WASHINGTON, D.C. — The U.S. Congress is not the only group considering climate change issues. Franciscans all around the world are also discussing the topic.
The latest Franciscan discussion took place in Hofheim, Germany, where 34 friars met in a March workshop organized by Justice, Peace and Integrity of Creation animators.
A recap of the meeting was reported in the June 2009 edition of Contact, the newsletter of the International Council of JPIC, produced in Rome. Climate change issues are close to a Franciscan’s heart, the newsletter said, because they question Franciscan life, both personally and communally.
The workshop began by participants reflecting on their own lifestyles and evaluating their carbon footprint. Alternatives to energy use were discussed.
Friars met in small groups to discuss ways that the JPIC office could continue to raise awareness for energy conservation, especially through prayer and liturgy, and to collaborate with other organizations. Groups also suggested that St. Francis’ Canticle of Creatures be paraphrased.
Also in this issue of Contact, Br. Ignacio Harding, OFM, treasurer of the Province of St. Anthony in Bolivia, wrote an article in Contact about “Economics for Mission: A Franciscan Focus.” He is a former member of Holy Name Province.
In the article, he said that finances in Franciscan life are not the service of capital, but rather, at the service of the kingdom of God and mission. “They must have a Gospel focus,” he wrote, “of service to the poor, the common good, solidarity, and constant trust in Providence.”
Br. Ignacio listed seven bullet points about finances, the first one being: “It is important and necessary to deal with financial issues clearly, without deceit. We must draw up evangelical objectives and criteria in regard to acquisition, administration, use and sharing of goods, always linking our Franciscan finances with our mission.”
Fr. Louis Vitale Speaks
The Contact newsletter also reported that Fr. Louis Vitale, OFM, spoke in May in Cincinnati, during an event sponsored by the St. Barbara Province and seven other groups.

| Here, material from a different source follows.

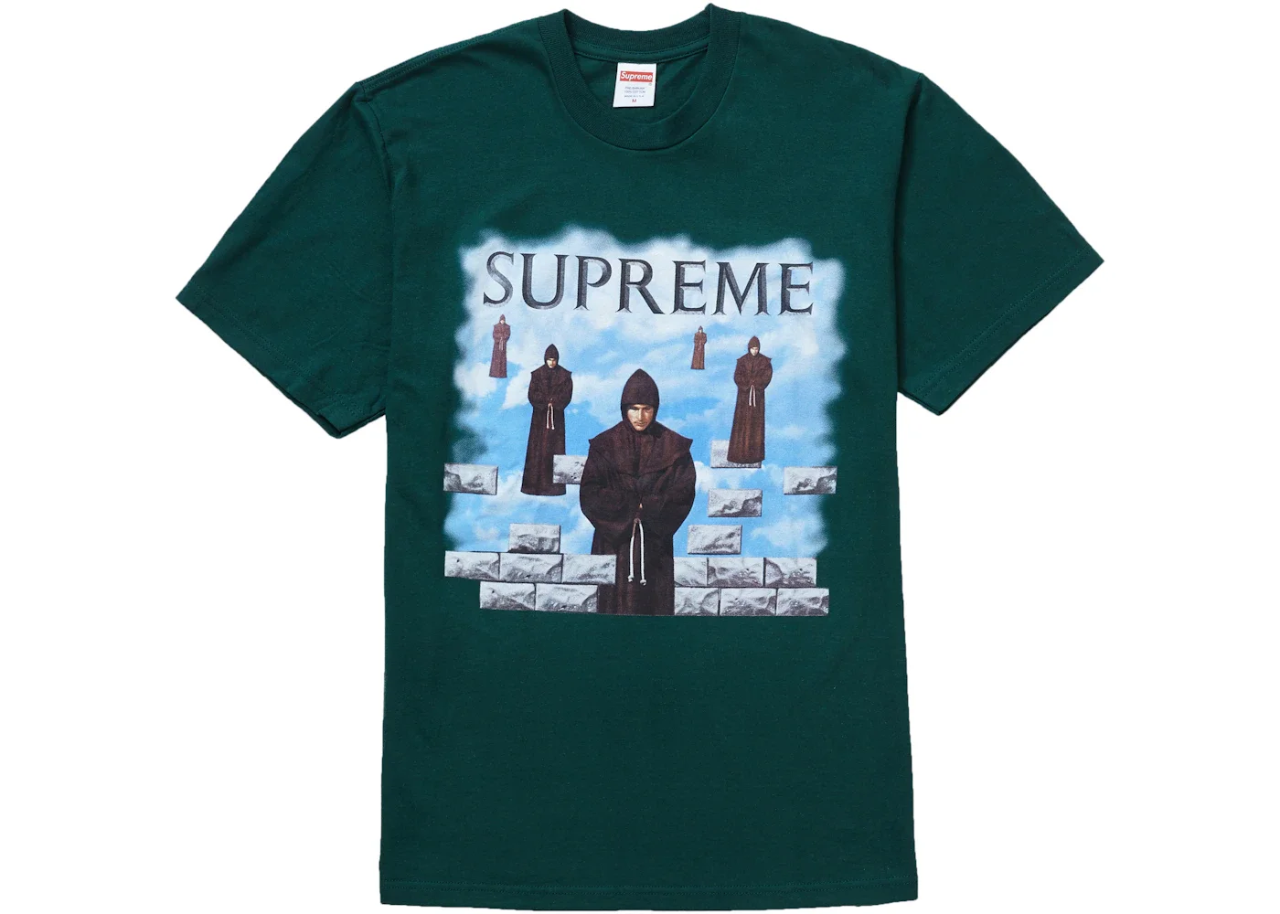 Supreme's Levitation Tee released as a part of their FW19 Week One drop and contains one of the most interesting references of the entire drop. The graphic, which appears to be several monks floating under the word Supreme, was inspired by an album cover that is very similar. The album is called "Chants" and was written by Benedictine Monks of Santo Domingo de Silos. The tees featuring the graphics were released in seven different colors. The Supreme Levitation Tee was released on August 22nd, 2019 and retailed for $38 USD. - Season FW19 - Color Dark Green - Release Date 2019-08-22 - Retail Price 38 - Featured false

Fr. Louis estimates that he has spent about 18 months in prison during his 77 years. “The reason is his deep commitment to the Gospel and to Franciscan values,” Sr. Donna Graham, OSF, JPIC animator for St. John the Baptist Province, reported, “and his belief that we all need to work for a world where the infinite worth of each human being is respected and safeguarded.”
He calls his time in prison a gift, according to Contact, and said jail “gives him the opportunity to see Jesus at work in others.” Fr. Louis has been arrested because of his anti-war protests against such issues as nuclear weapon testing facilities.
He is on a speaking tour, setting aside time to appear in court for his most recent arrests, for protesting activities at the School of the Americas.